Regular IRA users choose their offerings from a pool of assets, usually restricted to stocks, bonds, mutual funds, ETFs, and certificates of deposit. On the other hand, the Internal Revenue Service (IRS) offers a larger number of options to SDIRA

From real estate and cryptocurrency to private equity and precious metals, investors are free to choose from a vast array of assets. This variety allows you to diversify your portfolio and retirement plan, which in turn can help you stay afloat
in the face of market uncertainty or financial adversity.

As the name also suggests, a self-directed IRA hands over the reins of the account to the original account holder. What does this mean for you?

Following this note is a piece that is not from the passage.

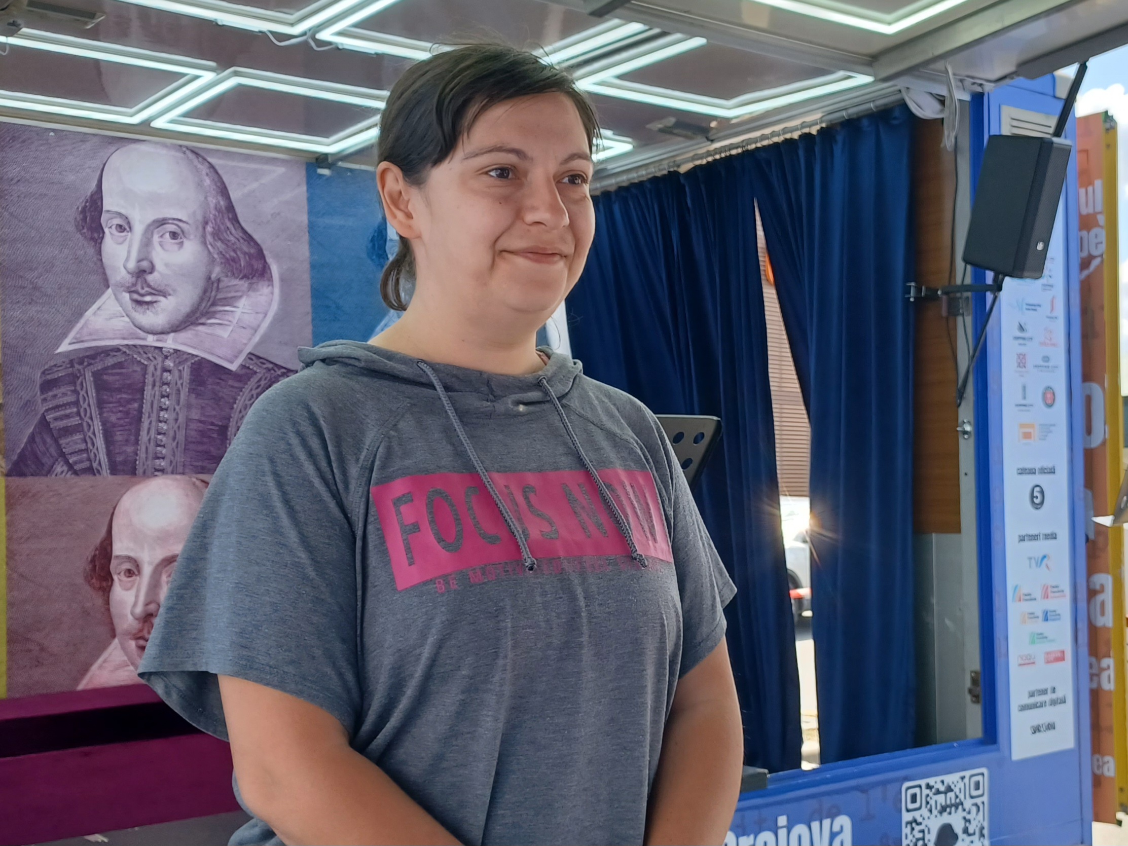„Caravana aduce creaţia lui Shakespeare, în principal, mai aproape de zonele care nu au acces ușor la ceea ce înseamnă cultură. Iată, sonetele lui Shakespeare au răsunat deja în câteva localități, în câteva orașe și comune, și a fost o experiență extraordinară. (…) Ne bucurăm tare mult că reușim să ne întâlnim cu oamenii într-un asemenea cadru. Cred că e foarte important ca teatrul să iasă din săli și să meargă spre oameni”, afirmă actriţa, pentru care una din reprezentanţii a venit cu o surpriză foarte plăcută.

Your account or fund manager won’t be able to intervene in your SDIRA investment decisions.

Instead, there’s a self directed IRA custodian (usually a trust company), whose duties are limited to ensuring the safety of your holdings and performing nominal tasks, albeit under your authorization. One of the biggest advantages of these restrictions
is that the lack of external involvement will likely reflect a lower account fee.

As the sole account holder, you manage your transactions and make all the decisions concerning your portfolio as you see fit. Your agency is reflected in the strategies you put into place to achieve specific financial goals. However, this amount
of freedom and control over your holdings comes with certain responsibilities. As you near retirement and your account nears maturity, you might have to put in a few extra hours to manage your SDIRA. You can, of course, choose to seek advice
from professional accountants and financial advisors before making any big decisions.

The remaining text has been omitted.